- Directed by: Harald Sicheritz
- Starring: Roland Düringer Nina Proll
- Release date: 18 September 1998;
- Running time: 1h 45min
- Country: Austria
- Language: German
- Budget: $1.8 million
- Box office: 617,597 admissions (Austria)

= Hinterholz 8 =

Hinterholz 8 is a 1998 Austrian comedy film directed by Harald Sicheritz. It is the most successful Austrian film in Austria since the 1960s with admissions of 617,597.

== Plot ==
Herbert and Margit Krcal are a middle-class couple living in Vienna with their young son Philipp (a great fan of Star Trek). They think about leaving the crowded city and buying a home in a leafy area. First, they consider buying a prefab house, but find them too expensive. Herbert's drink-happy colleagues Meier and Forstinger convince him that he would be better off buying an old house and renovating it himself.

One day, they find an abandoned old cottage with a stunning view of the Vienna woods. They soon find out that the property belongs to the local village mayor, Kandler. The mayor manages to sell the house to Herbert for a much too high price, and the Krcals start to renovate it.

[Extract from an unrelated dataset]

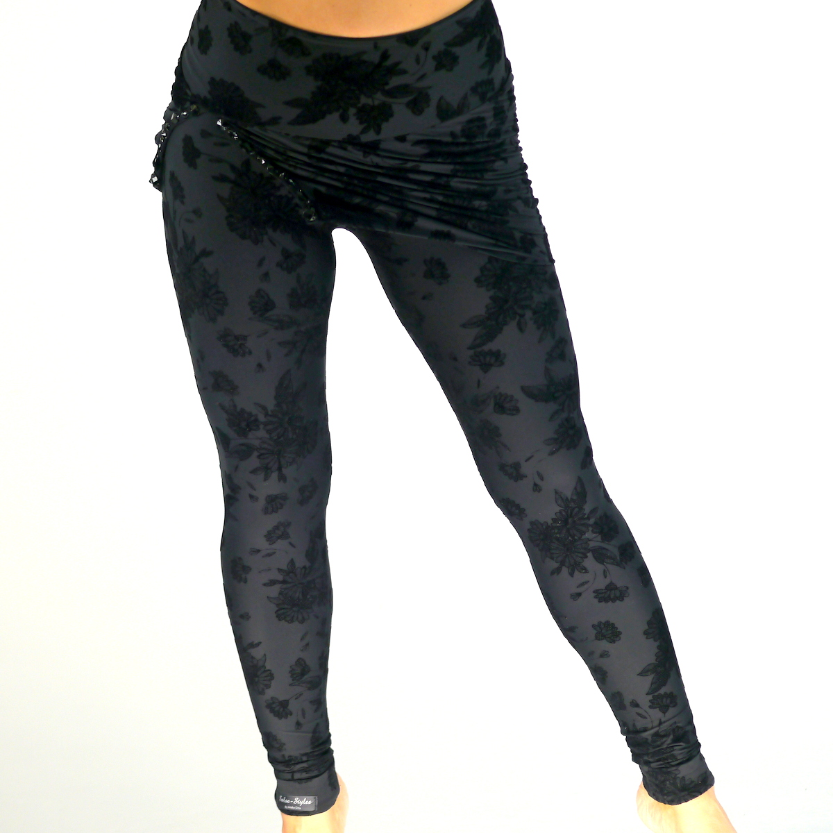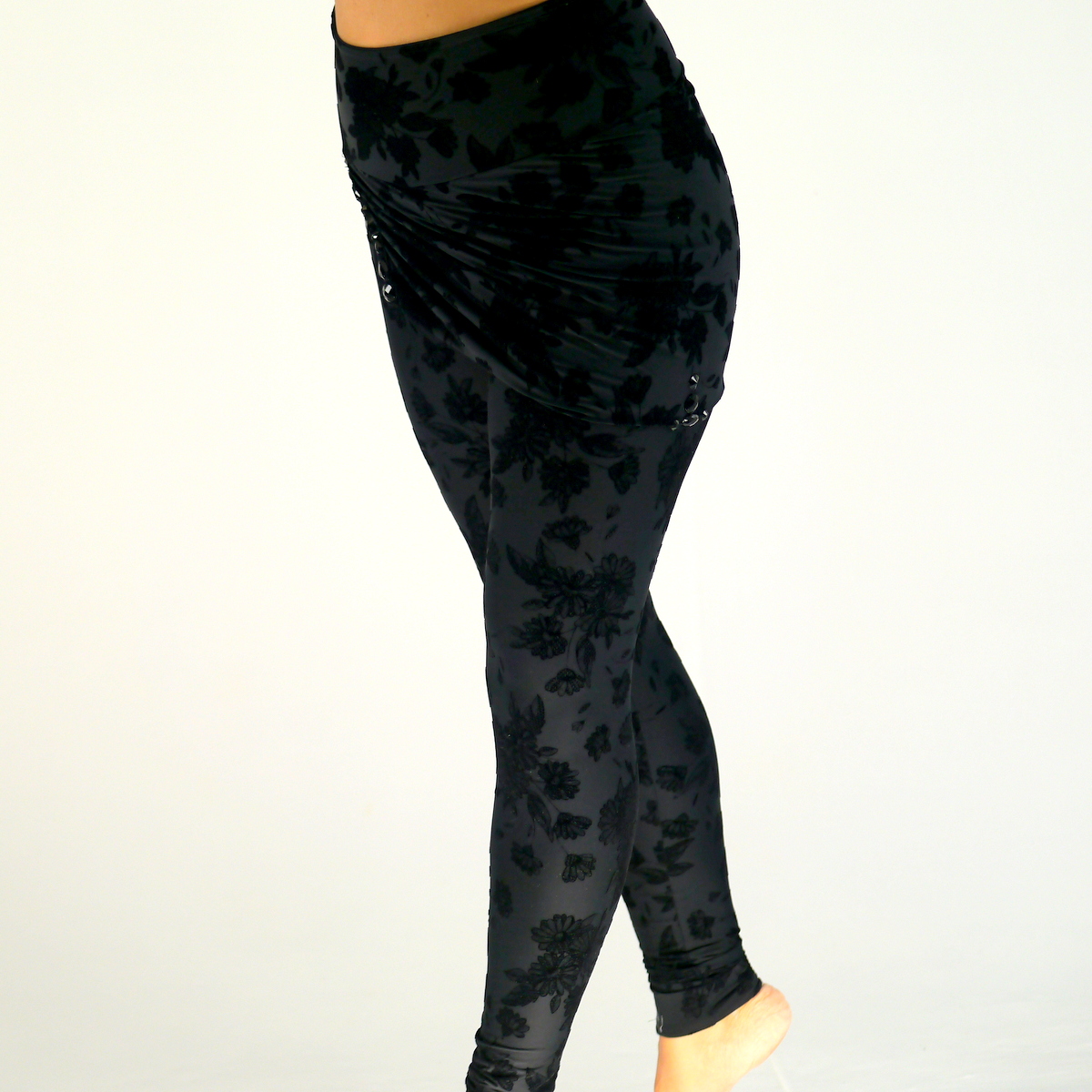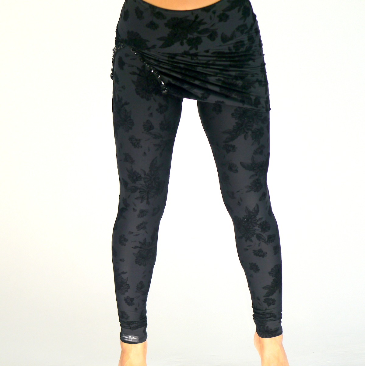 Eine sehr dünne Leggings wie eine Strumpfhose mit integrietem Doppeltrock. Der dünne Lycrastoff ist sehr fein und weich, hat einen leichten glanz und einen schönen Samtmuster drauf. Der Bund ist aus einem festeren Lycrastoff und macht somit auch einen flachen Bauch. Der Rock hat in der Seite handgenähte Strass Steine und Perlen in verschiedenen Formen und Größen.

Soon they realize that there are numerous problems with the house. When a hired worker accidentally tears down the chimney, together with some of the walls, the cottage becomes inhabitable. Herbert hires a builder, but soon finds himself unable to pay the bills.

In the meantime, they have to leave their Vienna apartment, because they have promised it to the neighbouring doctor who wants to enlarge her office. They move into Margit's parents' summer cottage that has no heating, and the cold season is coming. After the bank has realized that the ruined house is no security for the loan, they refuse to help them financially.

The situation puts great strains on the marriage as well, and finally, Margit files for divorce. On Christmas Eve, Herbert sits alone in an old caravan next to his ruined house. Margit and their son Philipp visit him, and the boy is allowed to stay with his father for a few days.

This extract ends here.